Our findings confirmed that T-D neural flow uses lower frequency ranges than B-U, but also point to a more complex picture than the previously hypothesized γ-up β-down scheme6,18,33,34,35,36,37. In left auditory regions, we detected GC B-U peaks in the δ-frequency range (1–3 Hz), indicating that very low frequencies were also involved in B-U transfer (Table 1). Cross-frequency coupling did not only confirm this effect but further showed that the phase of δ-activity sampled in left A1 was associated with a modulation of high γ-power (80–100 Hz) in left AAC (Fig. 4). The fact that this effect dominated in the left hemisphere (Supplementary Fig. 3) could reflect (i) that γ-activity in AAC was more pronounced in left than right AAC (Fig. 2), (ii) that the low-frequency phase-locking of responses (Supplementary Fig. 4) and stimulus/brain correlations (Fig. 2) were stronger in left than right A1, (iii) or both. At any rate, the left dominance in δ/γ-coupling presumably reflects some aspects of the functional specialization of left auditory regions in speech processing42. Importantly, the spectral division of B-U and T-D information transfer appears partly flexible, depending on cognitive demands and/or on the interaction of stimulus rhythms with local oscillatory properties.

The current results do not only show a spectral division but also suggest a time division of labour between B-U and T-D processes. The analysis of temporal modulations of GC TF representations (Fig. 5) revealed the presence of significant slow fluctuations (1–3 Hz) of GC in the γ-frequency range, suggesting that B-U and T-D information sequentially dominated over periods of ~300–500 ms. What could determine the regular alternation of B-U- and T-D-dominant periods at this slow rate remains unclear at this point. It could result from time constants that are specific to speech. It has been shown that predicting forthcoming speech involves a syllable-based mechanism43, which is roughly compatible with 300 ms predictive segments. Alternatively, slow modulations could be entirely driven by endogenous δ- or α-rhythms, whose phase (i) determines whether a stimulus is going to be detected at the sensory level44,45,46 and (ii) indexes the dynamics of sequential information processing at higher stages47. In this respect, it would be interesting to obtain similar data from the visual modality with less temporally structured stimuli, and assess to what extent the timing of GC is stimulus driven, or emerges from properties of the brain organization.

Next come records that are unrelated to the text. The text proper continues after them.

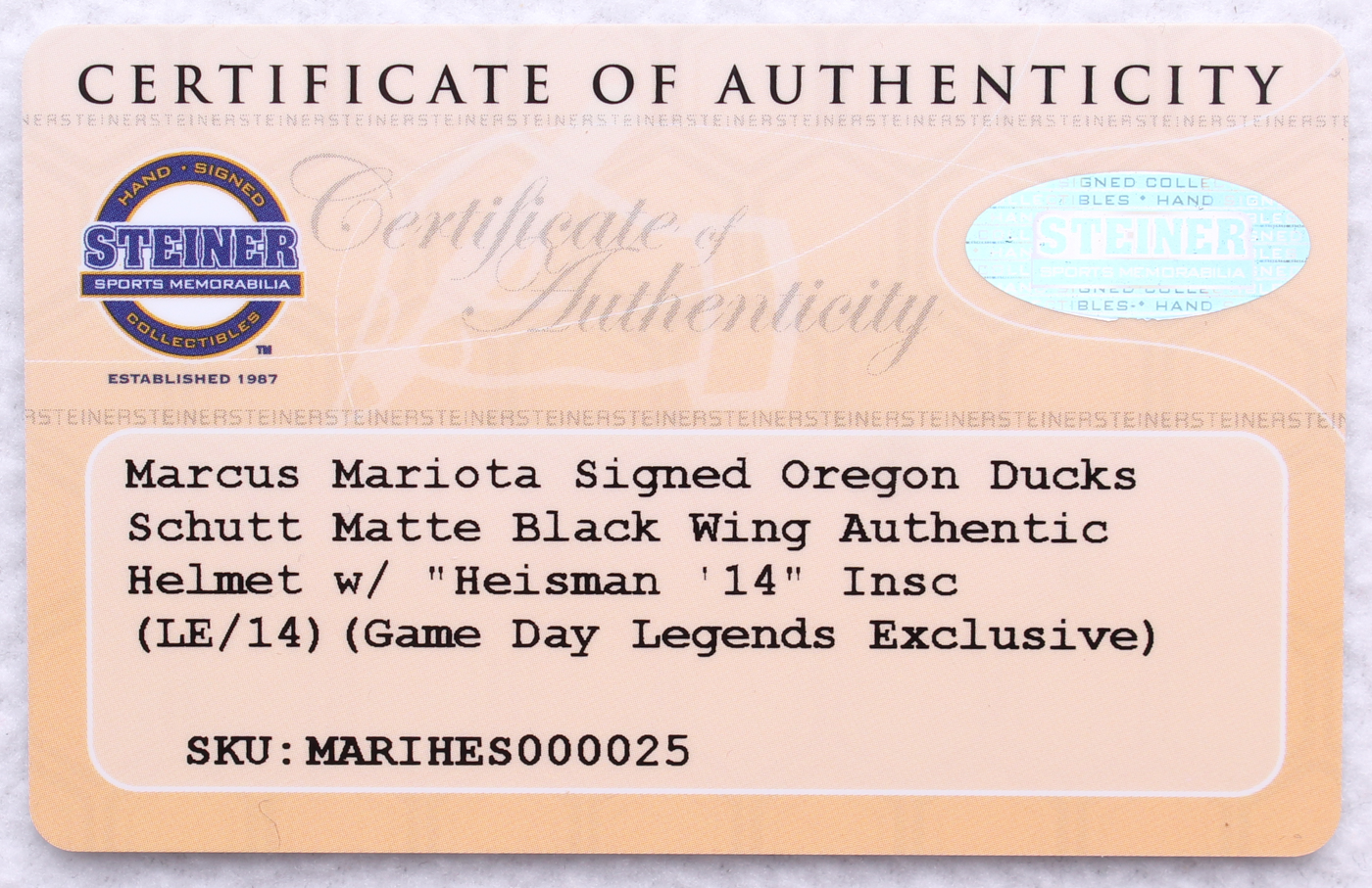 The autograph includes an official Steiner hologram and matching COA for authenticity purposes.
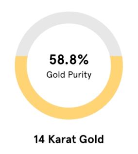 Contains 58.3% pure gold and 41.7% alloy metals. Preferred for its durability while still maintaining a significant gold content.
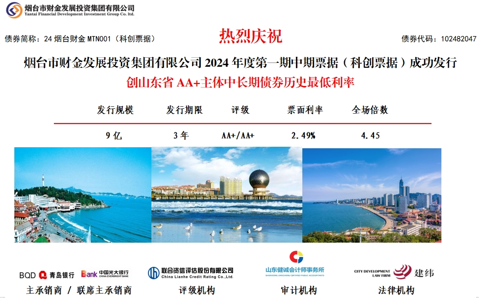 5月24日,煙臺(tái)財(cái)金集團(tuán)2024年度第一期中期票據(jù)(科創(chuàng)票據(jù))成功發(fā)行。本次中期票據(jù)發(fā)行規(guī)模9億元,發(fā)行期限3年,票面利率2.49%,全場(chǎng)認(rèn)購倍數(shù)4.45倍,創(chuàng)山東省AA+主體中長(zhǎng)期債券歷史最低利率。
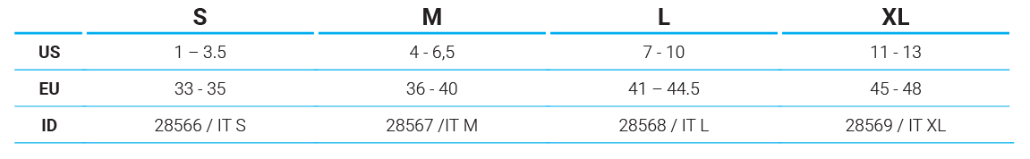 Występują w 4 rozmiarach dopasowanych do zakresu rozmiaru obuwia.
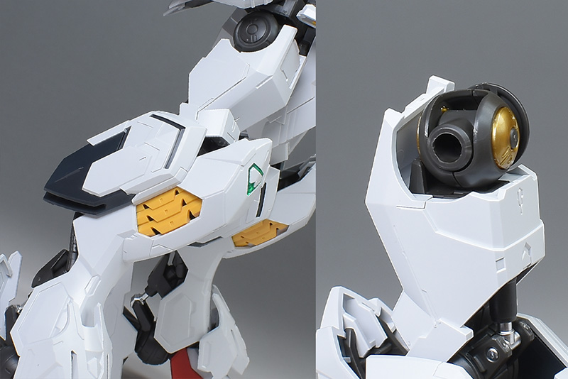 ショルダーアーマーはバルバトスと同様、丸みのあるデザインで造形。ただし側面にはルプス特有の赤い装甲を装備し、鉄華団マークやワンポイントのイエローモールドもパーツできっちりと色分けされています。
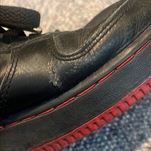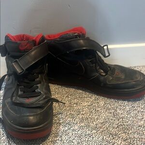 Step up your style with these Nike high-top sneakers. Featuring a sleek black design with striking red accents, these shoes offer both comfort and fashion. Perfect for any casual outing.
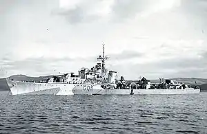 The destroyer HNoMS Stord played an integral role in the sinking of the German battleship Scharnhorst in the Battle of the North Cape. Shortly after Scharnhorst's engagement with HMS Duke of York, Stord and three other S-class destroyers were ordered to position themselves for a torpedo strike on the battleship. Along with HMS Scorpion, Stord fired eight torpedoes, four of which hit, incapacitating Scharnhorst and allowing the rest of the Allied fleet to catch up and sink it.[8] After the battle, the commanding officer of Duke of York said "... the Norwegian destroyer Stord carried out the most daring attack of the whole action..."[7]
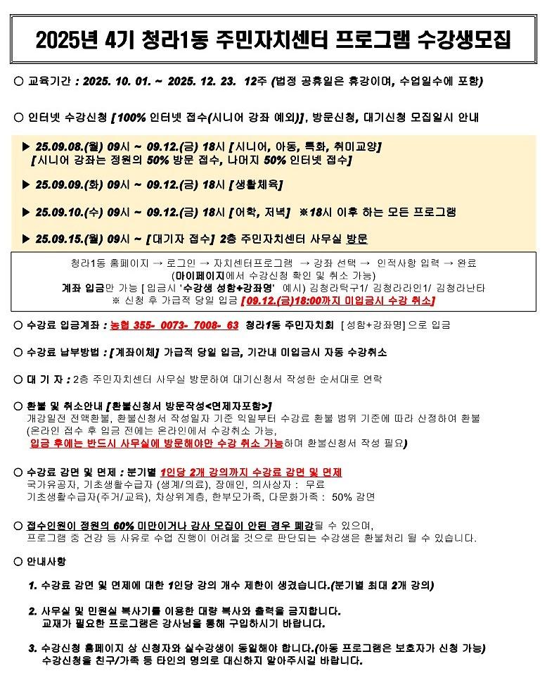 < 수강료 감면 혜택이 1인당 2개 강좌까지로 제한됩니다.>
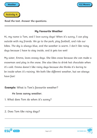 Hi, my name is Tom, and I love sunny days! When it’s sunny, I can play
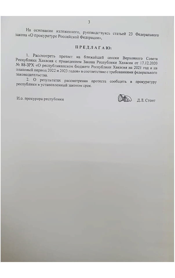 Несмотря на очевидные нарушения норм федерального закона, на январской сессии Верховный Совет Хакасии отклонил протест республиканской прокуратуры, как итог обращение в Верховный Суд.
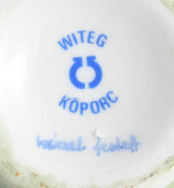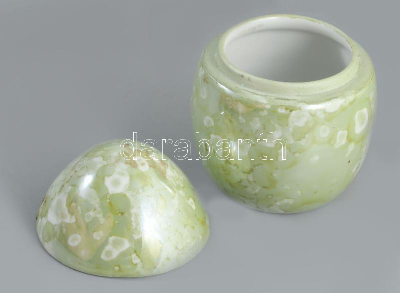 Witeg Kőporc Kőbányai Porcelángyár lüsztermázas ékszertartó, jelzett, hibátlan, m: 9 cm
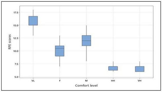 The ANOVA revealed that the rate of perceived exertion (RPE) at different levels of predefined physical comfort significantly differed (see Table 5). The means (and standard deviations) of the RPE scores were as follows: 15.46 (1.79) for very low comfort, 10.00 (1.77) for fair comfort, 12.08 (1.53) for moderate comfort, 7.04 (0.86) for high comfort, and 6.46 (0.59) for the very high level of physical comfort. Tukey’s pairwise comparison confirmed differences between RPE scores for all comfort levels with a 95% confidence level, except for high and very high levels, which did not statistically differ. It should be noted that for both the arm forces and the RPE scores, the moderate comfort category was higher than the fair comfort category, thus indicating that the participants perceived and applied more effort for the moderate than the fair physical comfort level (see Figure 5).
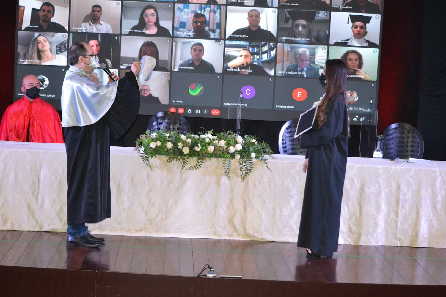 Assim como ela, os colegas graduados da noite levam para casa a conquista que, para muitos, significa uma mudança de vida. A modalidade de Ensino a Distância em um formato inovador e ainda mais completo, lançada em 2019, de acordo com a reitora da Unesc, Luciane Bisognin Ceretta, coroam o portfólio da Universidade e sua missão enquanto comunitária de levar o conhecimento até as pessoas. “Colocamos em prática um projeto audacioso que tinha como objetivo principal ampliar o acesso ao Ensino, garantindo a qualidade da formação com o perfil de Universidade. Hoje vemos que valeu a pena todo o planejamento e a lapidação dessa ideia, pois ela nos dá muitos frutos maduros”, pontua.
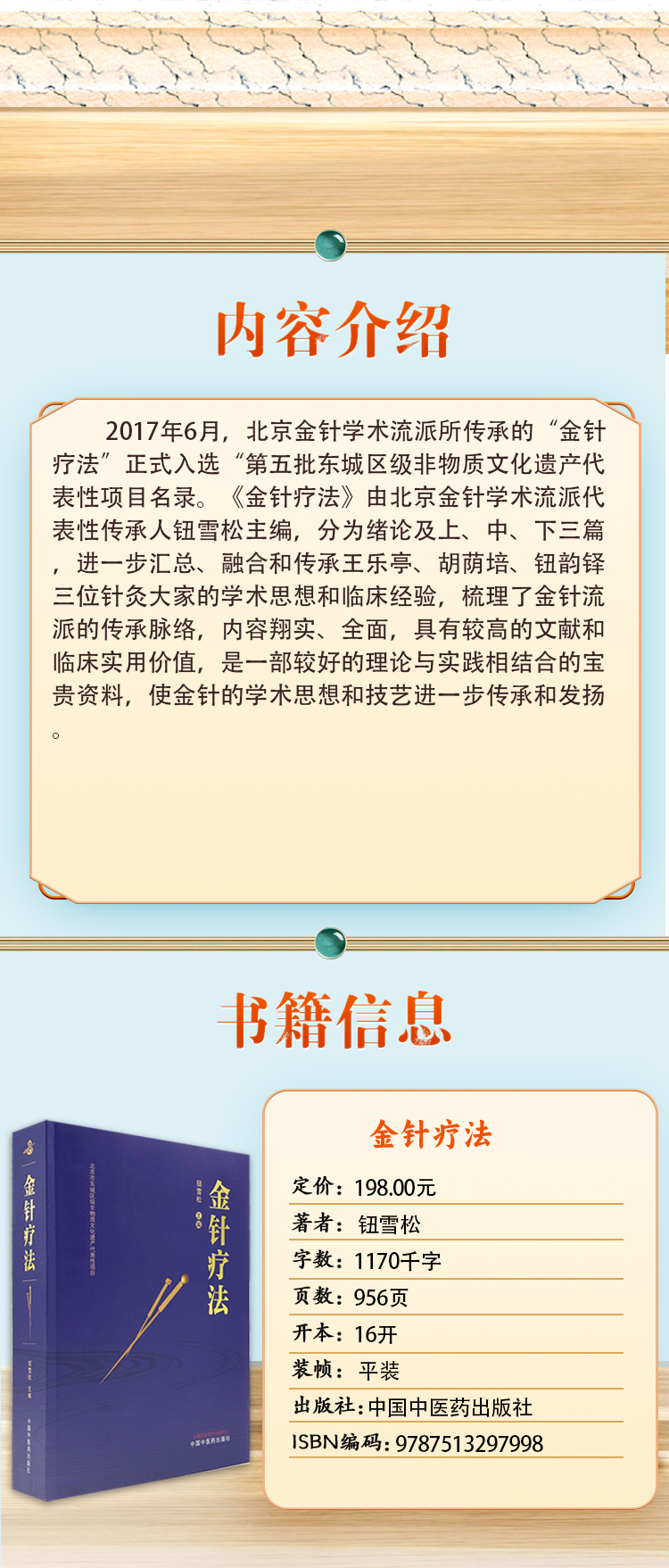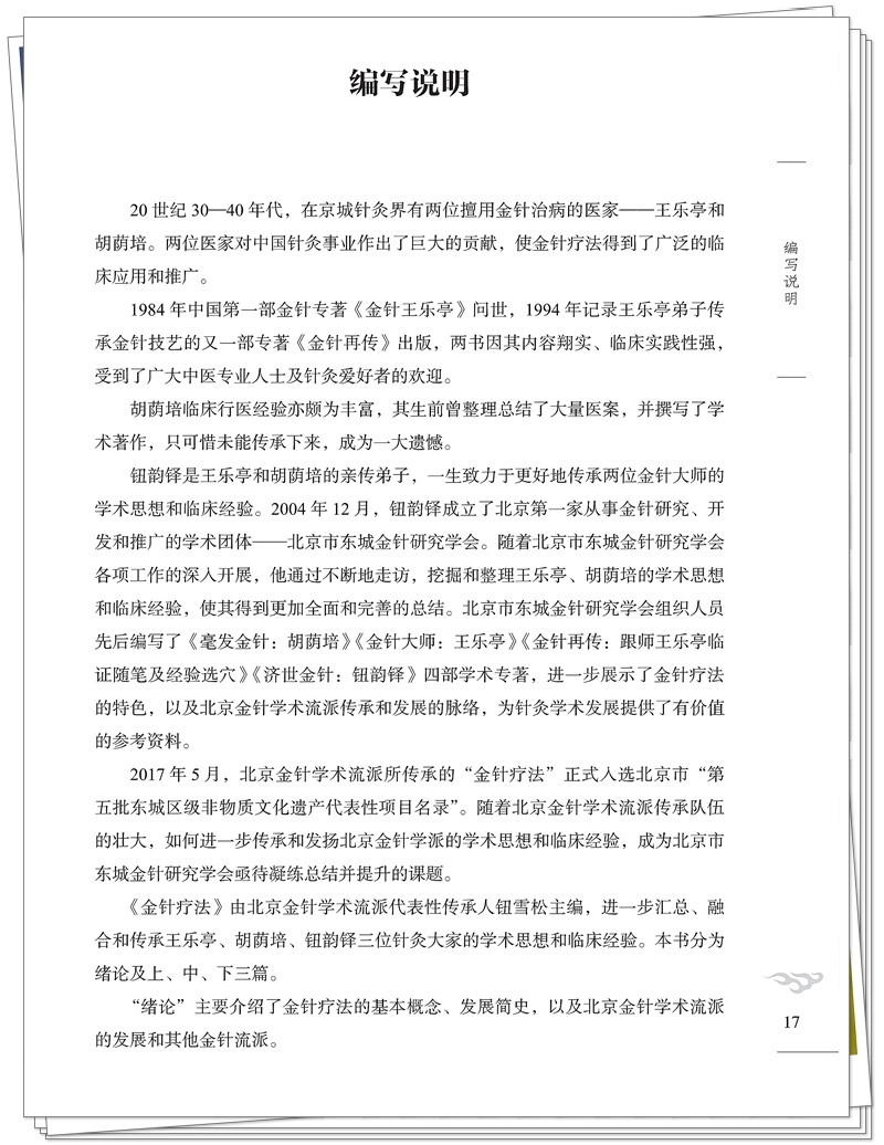 2017年6月,北京金针学术流派所传承的“金针疗法”正式入选“第五批东城区级非物质文化遗产代表性项目名录。《金针疗法》由北京金针学术流派代表性传承人钮雪松主编,分为绪论及上、中、下三篇,进一步汇总、融合和传承王乐亭、胡荫培、钮韵铎三位针灸大家的学术思想和临床经验,梳理了金针流派的传承脉络,内容翔实、全面,具有较高的文献和临床实用价值,是一部较好的理论与实践相结合的宝贵资料,使金针的学术思想和技艺进一步传承和发扬。
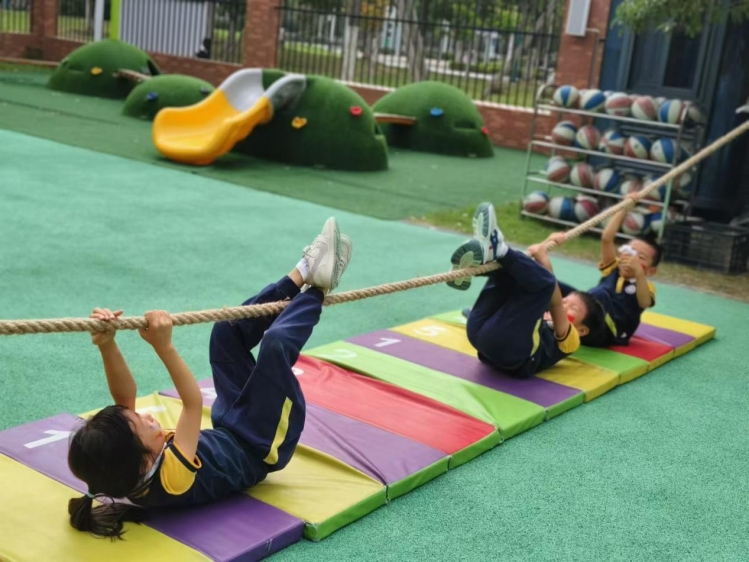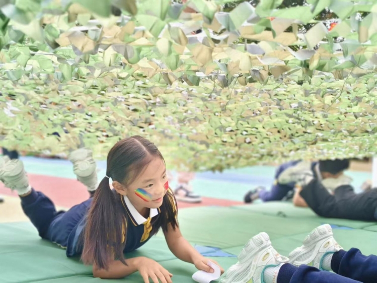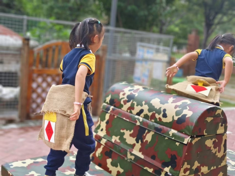 “重走长征路”游戏在户外运动区拉开帷幕。紧张刺激的游戏一触即发,勇敢的小战士们拿出高昂的气势、勇敢的精神,向着目标奋力前进!
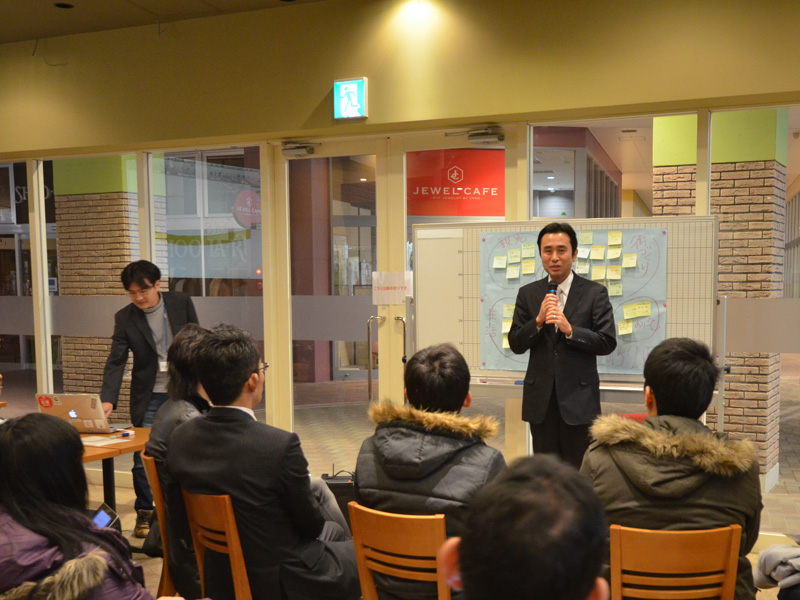 市長が選んだテーマは「観光」。観光について足利市が行っていることなどを市長から話して頂き、その後、参加者からテーマに沿った質疑応答という流れで進めました。参加者の半分くらいは若い世代ということもあり、市長が今までに聞いたことないような新しい意見が出たそうです。
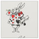 Ett tecken från sagaberättelsen, Alice i underland. Vitkaninen ha på sig en robe eller ett plagg med kostymen av kort av hjärtor och är hållande en trumpethorn. Hjärtorna är i rött och svart på vit. Behållan som är, eller skräddarsy.
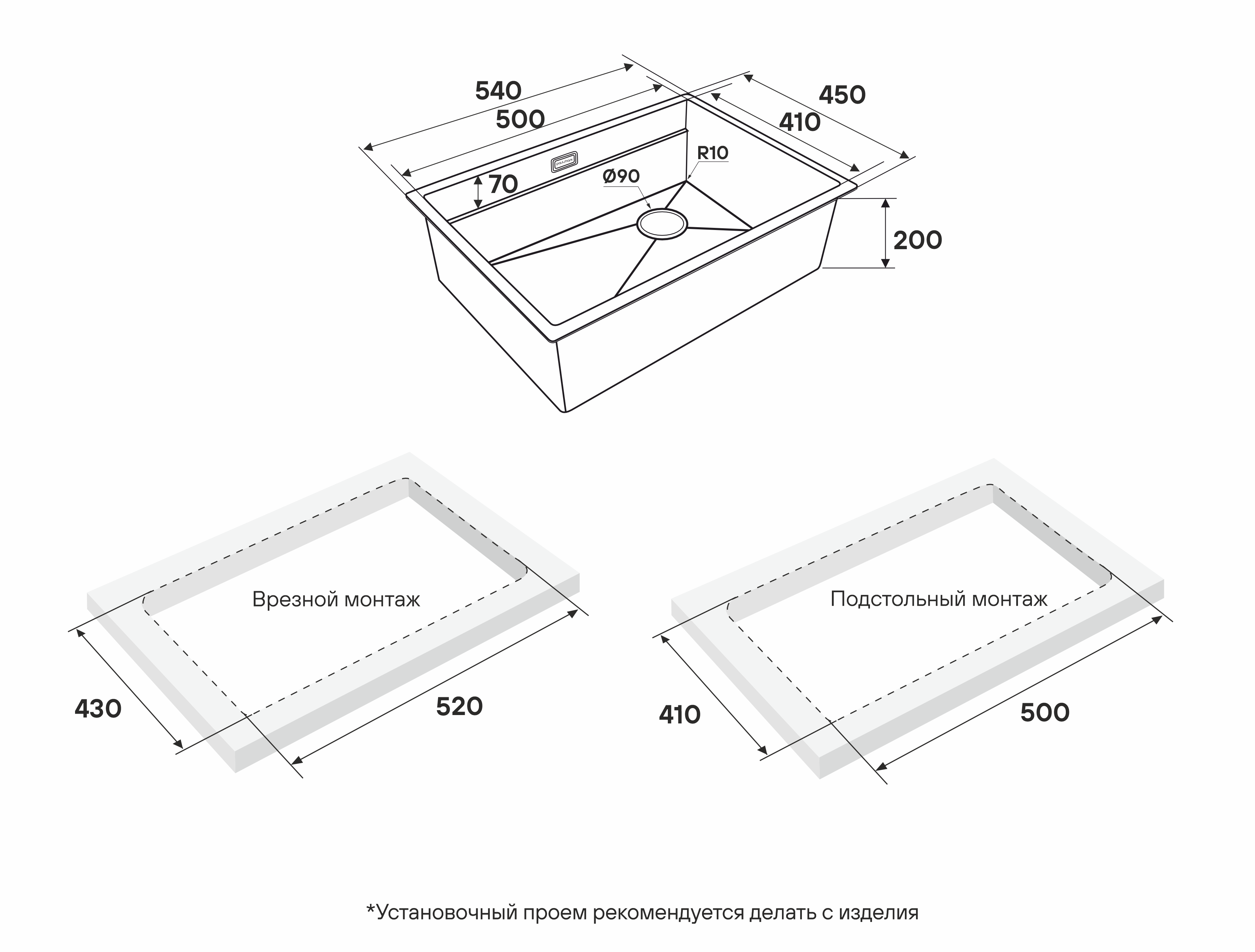 Толщина мойки 1,2 мм по всей поверхности. Ручной метод производства и ровный плоский кант мойки позволяют устанавливать NEXT-MULTI SINK 54 UNI поверх столешницы, подстольным способом, вровень со столешницей и «под ламинат».

The main advantage of spectral multiplexing is to prevent interferences during multiple and continuous information transfer using the same physical support. In the cortex, BU and TD information travel via separate vectors13 but information unmixing, by, for example, multiplexing, is required in relays where ascending and descending information converge and are integrated (that is, superficial layers). The modulation of neuronal spiking (here approximated by local high γ-activity28) at distinct, δ–β versus γ, rates could be an efficient means to achieve it. Alternatively, interferences could be avoided by using a single information channel, with time windows during which B-U or T-D dominates. Although the observed spectral division between B-U and T-D information flows (Fig. 3) supports the former scenario, temporal alternation of ascending and descending information (GC modulations; Fig. 5) supports the latter scenario. Although frequency and time division are not conceptually incompatible, the use of both mechanisms for directional information transfer appears computationally redundant. The presence of effects in the δ (1–3 Hz) range for both spectral (Figs 3 and 4) and time (Fig. 5) division is fairly compatible with the predictive coding framework. This reflects the fact that both B-U and T-D tend to fluctuate at δ-rate (Fig. 5), while being predominantly oriented towards the B-U direction (Fig. 3 and Supplementary Fig. 3). Such an asymmetry in information flow is in line with the proposal that T-D message passing results from the accumulation of B-U evidence, as this process could translate in the co-occurrence of a continuous B-U accumulation of prediction errors and a discontinuous T-D prediction flow. More generally, the present results are consistent with predictive coding models in the sense that T-D predictions of auditory input rest on a nonlinear mapping from higher-level representations, as shown by the nonlinear cross-regional phase–amplitude coupling results (Fig. 4).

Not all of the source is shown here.